Exercise brief:
Give back exactly the line containing "Always pin in" and all that follow it in the data below, with the pictures left out.

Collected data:
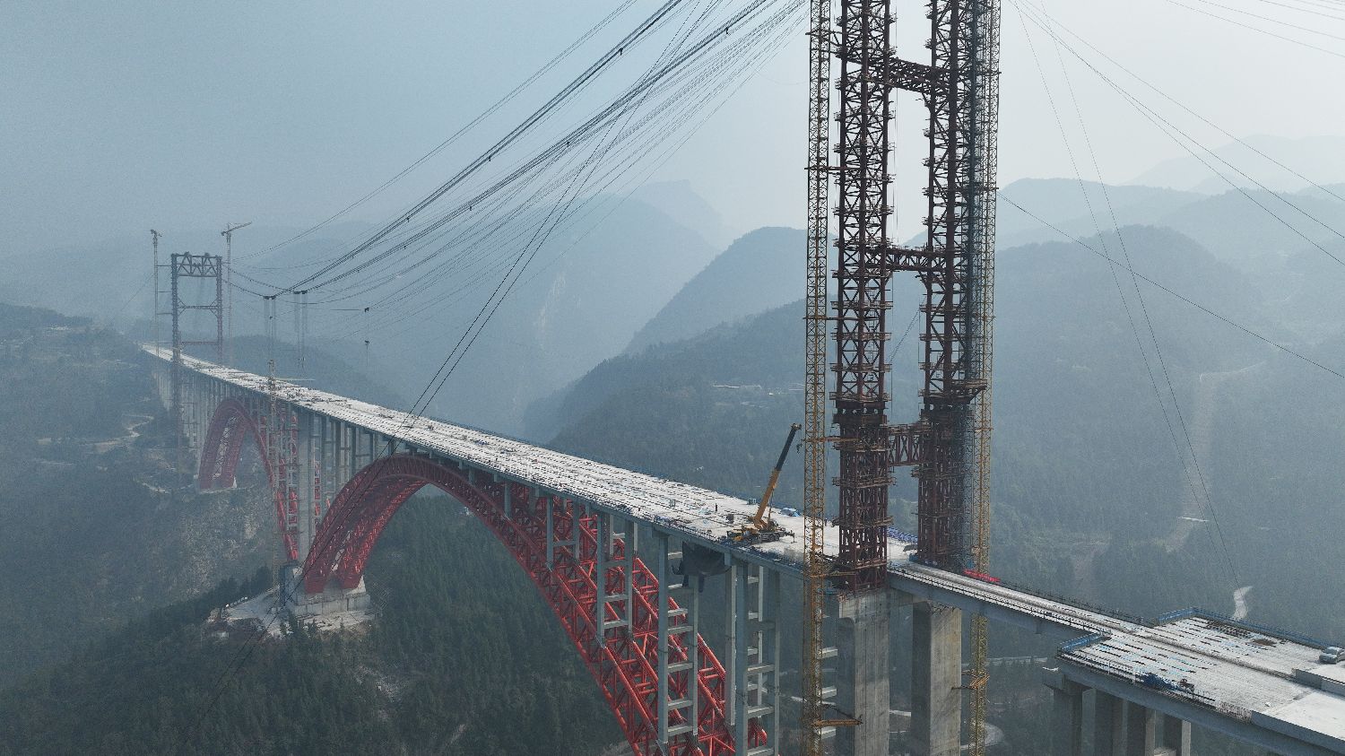 12月27日,渝湘复线高速公路双堡特大桥实现全桥合龙。据介绍,该桥为世界在建最大跨径双跨连续拱桥。作为渝湘复线高速公路重点工程,双堡特大桥位于重庆市武隆区,长1620米,单幅桥面宽度16米,设双向六车道。其所处位置特殊,面临“W峡谷”地形、岩溶地质等困难,建设难度大。图为航拍渝湘复线高速公路双堡特大桥。(无人机照片)(图片来源:中新社)
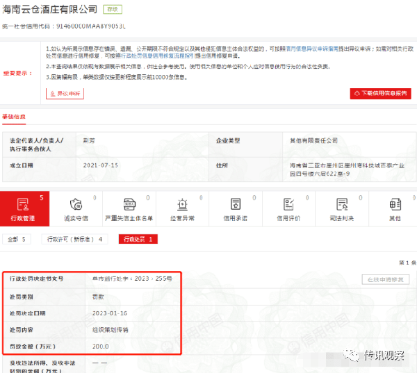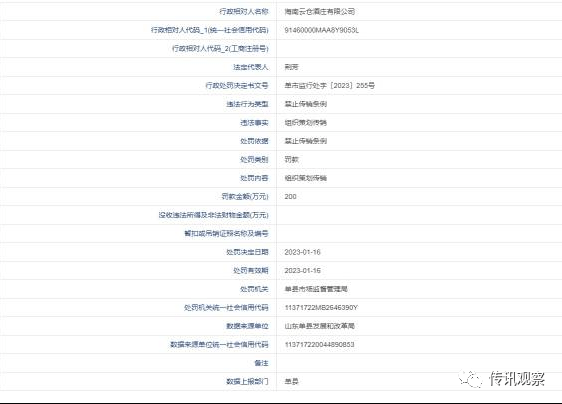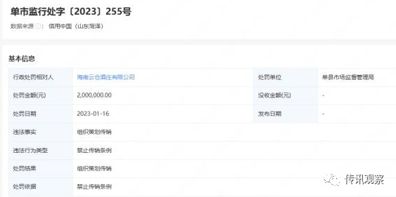 据北青网报道,日前,海南云仓酒庄有限公司(简称:云仓酒庄)因组织策划传销,被山东省菏泽市单县市场监督管理局罚款人民币200万元。该处罚信息为:单市监行处字〔2023〕255号,处罚决定日期为2023年1月16日。
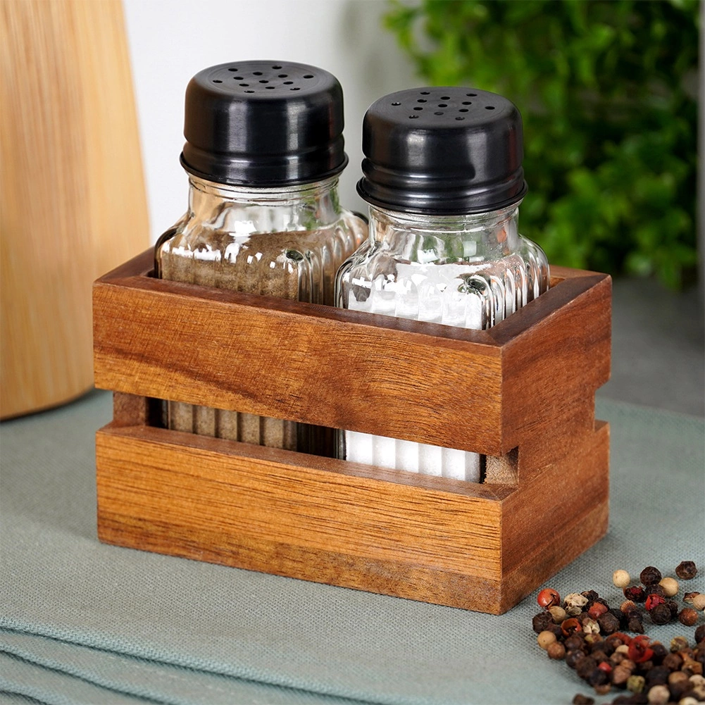 Le support compact en bois maintient les pots d’épices réunis, facilite le transport et apporte à la table une touche naturelle et rustique.
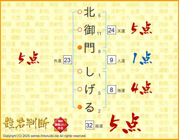 北(5画)御(11画)門(8画) し(1画)げ(5画)る(2画)
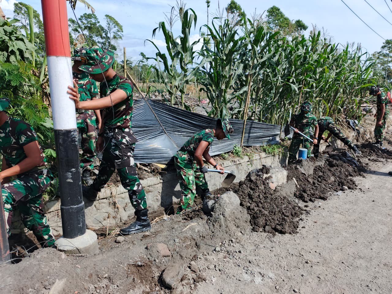 Dalam gambar tampak para prajurit bekerja secara serempak, menggali dan membersihkan tumpukan tanah serta material yang menutup aliran irigasi. Dengan peralatan manual seperti cangkul dan sekop, para anggota TNI terus bergerak cepat memperbaiki jalur air yang selama ini menjadi penopang utama bagi tanaman jagung warga setempat.
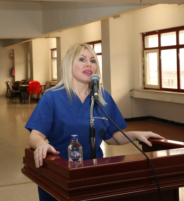 Rektör Özkan, hastane çalışanı Necibe Evrim Tongül'e günün anısına çiçek takdim etti. Rektör Özkan daha sonra katılımcılarla bir süre sohbet etti.
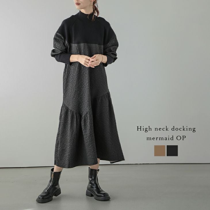 ワンピース ドッキング リブニット ハイネック ワンピース ドッキング リブニット ハイネック マーメイドスカート レディース おすすめ おしゃれ ブラック フリーサイズ 2025春夏新作 【lswp305-594】【即納:1-5営業日】【送料無料】宅込
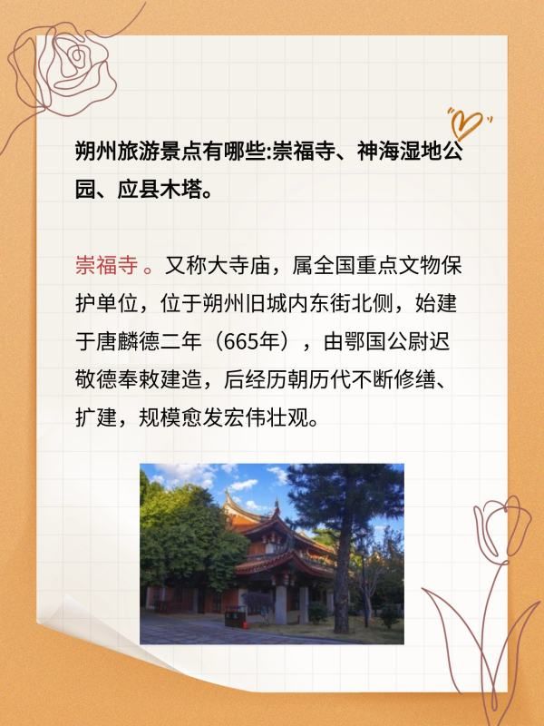朔州旅游景点有哪些:崇福寺、神海湿地公园、应县木塔。
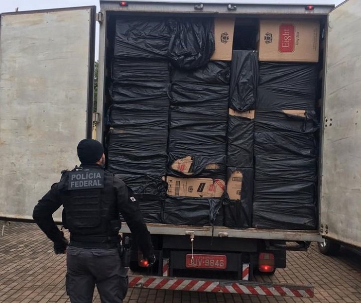 Policia Federal apreende caminhão carregado de cigarros contrabandeados
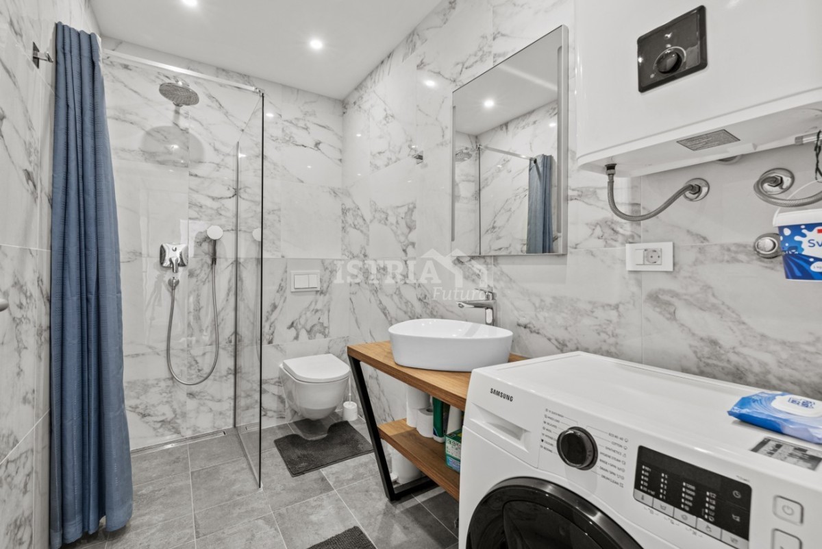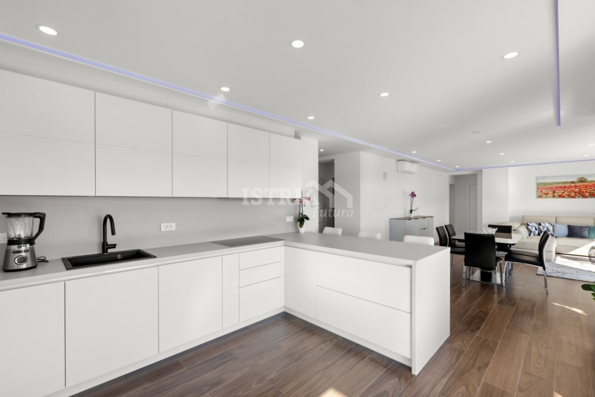 Per il massimo comfort durante tutto l'anno, l'appartamento è dotato di riscaldamento elettrico a pavimento e aria condizionata in tutte le stanze. Dispone inoltre di un collegamento alla canna fumaria che consente il riscaldamento a legna. L'appartamento è completamente arredato e dotato di mobili di prima classe e attrezzature di prima qualità. Sono stati installati infissi in PVC con tripli vetri e tutte le finestre e le pareti scorrevoli sono dotate di persiane elettriche. Ogni stanza è dotata di illuminazione indiretta, che crea un'atmosfera piacevole. L'appartamento comprende un ripostiglio nel seminterrato dell'edificio e due posti auto.
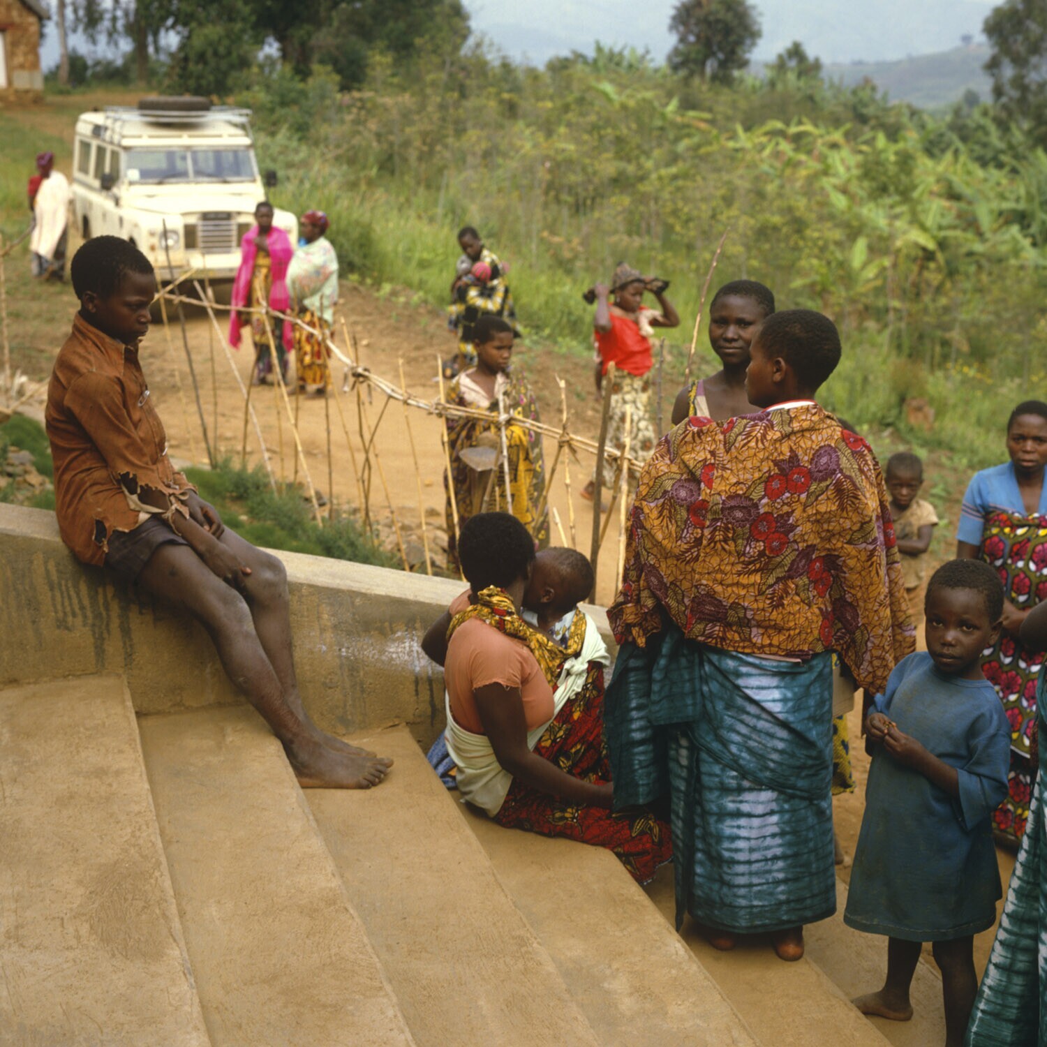 Wachtende mensen bij een post van de lokale gezondheidszorg opgezet door de parochie in Kyondo.
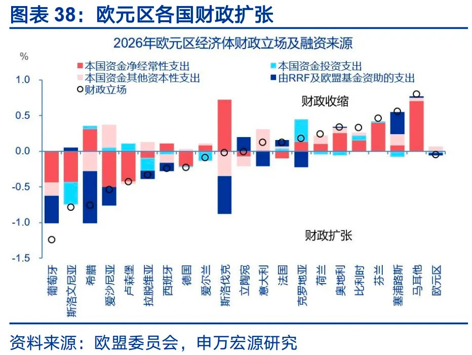 主要经济体扩财政的法律障碍已基本清除。日本与德国已通过2026年预算,欧元区已发布2026年财政立场声明,美国虽未通过2026年预算,但减税已可实施。美国财政年度为每年10月1日至次年9月30日,多数年份美国难以按时通过财政预算,仅能借助临时拨款过渡,财政拨付节奏更保守,但减税措施由于已完成立法,可较早落地。日本财政年度为4月1日至次年3月31日,往往通过补充预算在年中增加支出。高市上台后,日本在2025年11月21日公布21.3万亿日元经济刺激计划,2026年1月开始落地执行。欧元区没有统一财政预算,欧元集团与欧盟委员会每年对成员国总体财政立场的发布声明。德国财年为自然年,2026 德国联邦预算已于2025 年12月19日由联邦参议院批准,财政法律授权已到位。
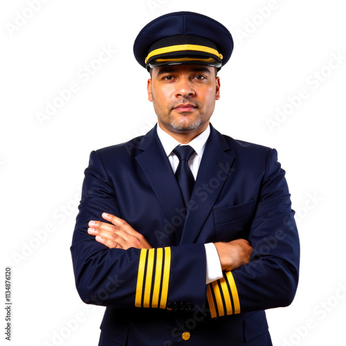 pilot, male, uniform, airline, confident, professional, white background, aviation, captain, leader, career, transportation, travel, responsibility, authority, hat, experienced, inclusive, sharpened, dedication, expertise, occupation, success, inspiring, strong, discipline, multicultural, job, industry, determination, trustworthy, accurateness, precise, modern, corporate, skilful, leadership, self-assured, teamwork, competence
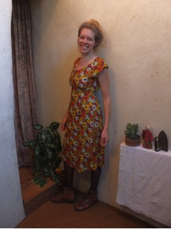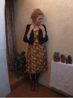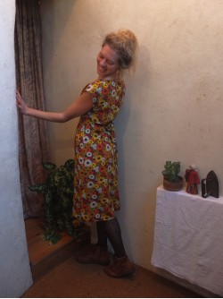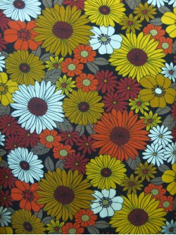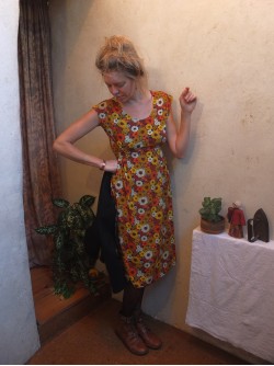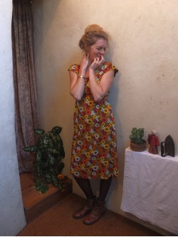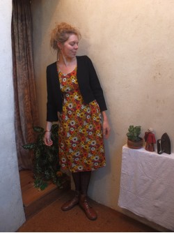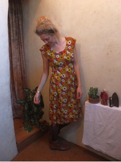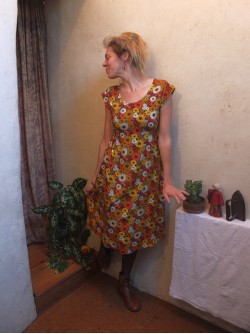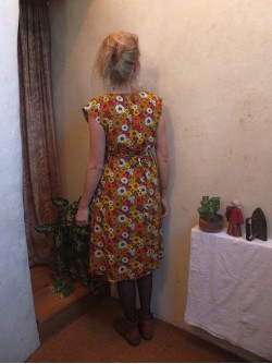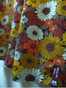La robe est confectionnée dans un tissu en viscose satiné avec des grandes fleurs vintage rouille, moutarde et écrues.
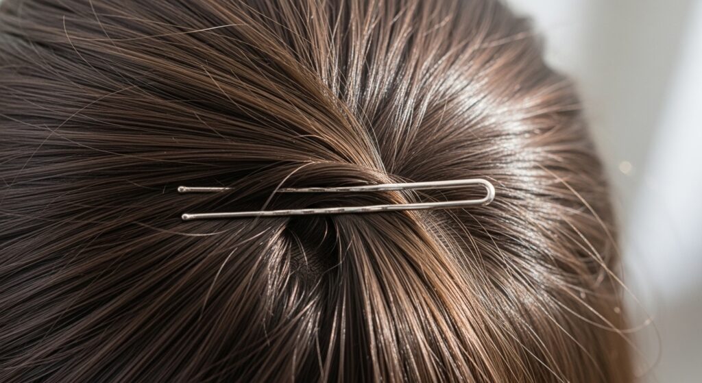 Always pin in the direction the hair is going. If the hair is swept to the right, insert pins pointing to the right. This hides them perfectly.
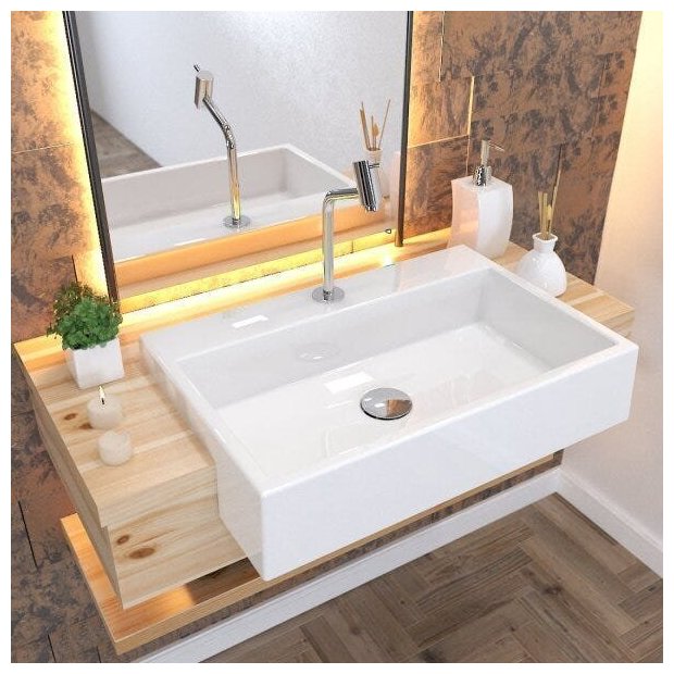 1 Cuba de Apoio, 1 Torneira de Mesa Baixa, 1 Válvula de Escoamento Clik Up, 1 Sifão PVC Universal, 1 Engate Flexível 40cm e Manual de Instalação
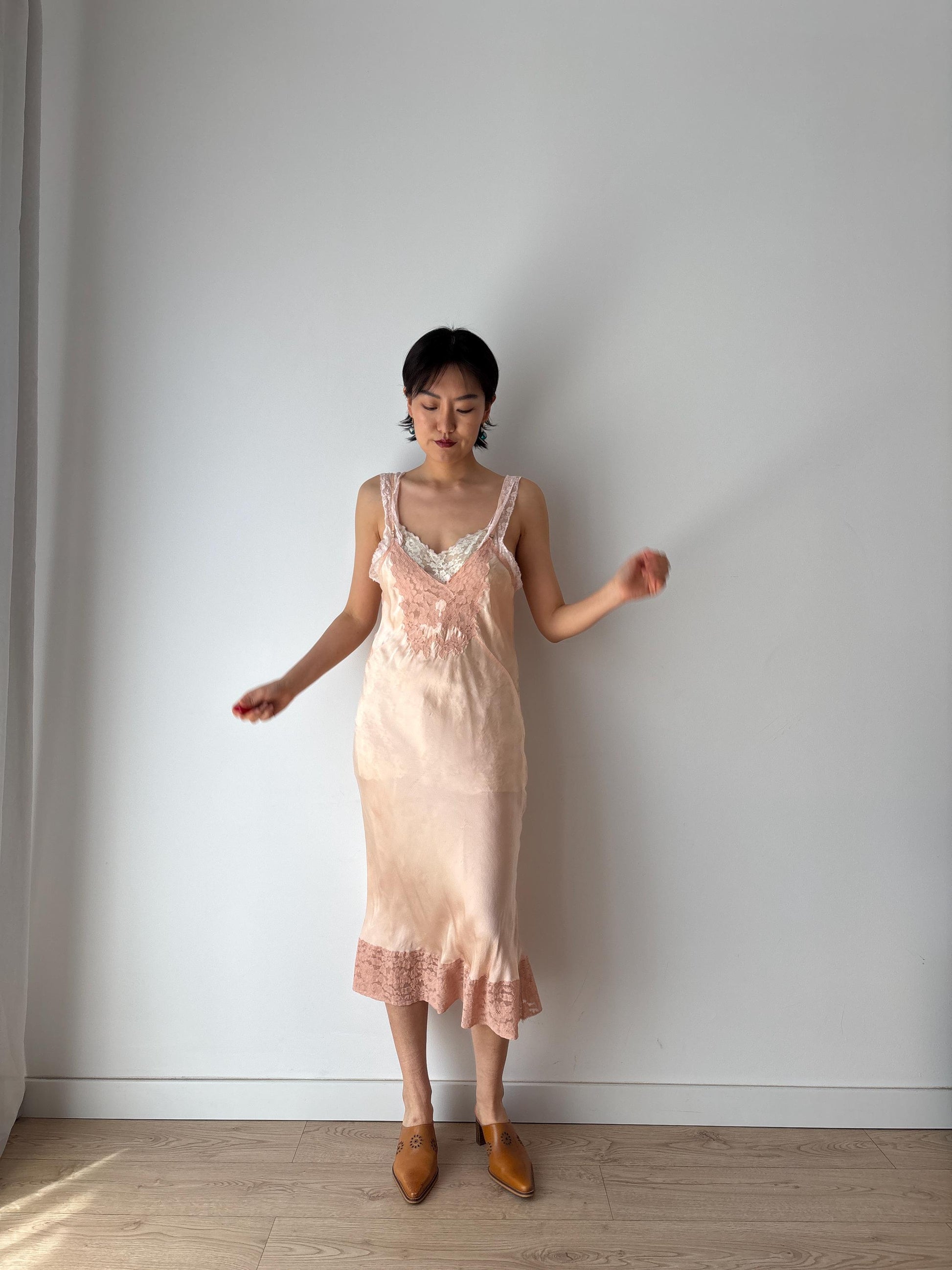 1930s 1940s Antique Pink Lace Liquid Silk Slip Romantic dress, Vintage lace mini dress
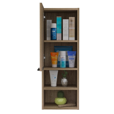 "The Milwaukee medicine cabinet is a very functional and spacious mirror medicine cabinet with great features that will stand out: A cabinet door that will give you an elegant look to your bathroom you so much desire. Inside the cabinet, you will find two interior shelves with plenty of room to keep your medicines, lotions, shampoos, or any other product you regularly use. It has two open shelves at the bottom of this cabinet to place your items elevated from the sink, keeping your bathroom organized and well maintained. It is manufactured with treated engineered wood to protect it from regular exposure to water and humidity in a bathroom. Product dimensions are 11.81"" W x 10.4"" D x 32.17"" H. Light Oak Finish."

Task answer:
 Always pin in the direction the hair is going. If the hair is swept to the right, insert pins pointing to the right. This hides them perfectly.
 1 Cuba de Apoio, 1 Torneira de Mesa Baixa, 1 Válvula de Escoamento Clik Up, 1 Sifão PVC Universal, 1 Engate Flexível 40cm e Manual de Instalação
 1930s 1940s Antique Pink Lace Liquid Silk Slip Romantic dress, Vintage lace mini dress
 "The Milwaukee medicine cabinet is a very functional and spacious mirror medicine cabinet with great features that will stand out: A cabinet door that will give you an elegant look to your bathroom you so much desire. Inside the cabinet, you will find two interior shelves with plenty of room to keep your medicines, lotions, shampoos, or any other product you regularly use. It has two open shelves at the bottom of this cabinet to place your items elevated from the sink, keeping your bathroom organized and well maintained. It is manufactured with treated engineered wood to protect it from regular exposure to water and humidity in a bathroom. Product dimensions are 11.81"" W x 10.4"" D x 32.17"" H. Light Oak Finish."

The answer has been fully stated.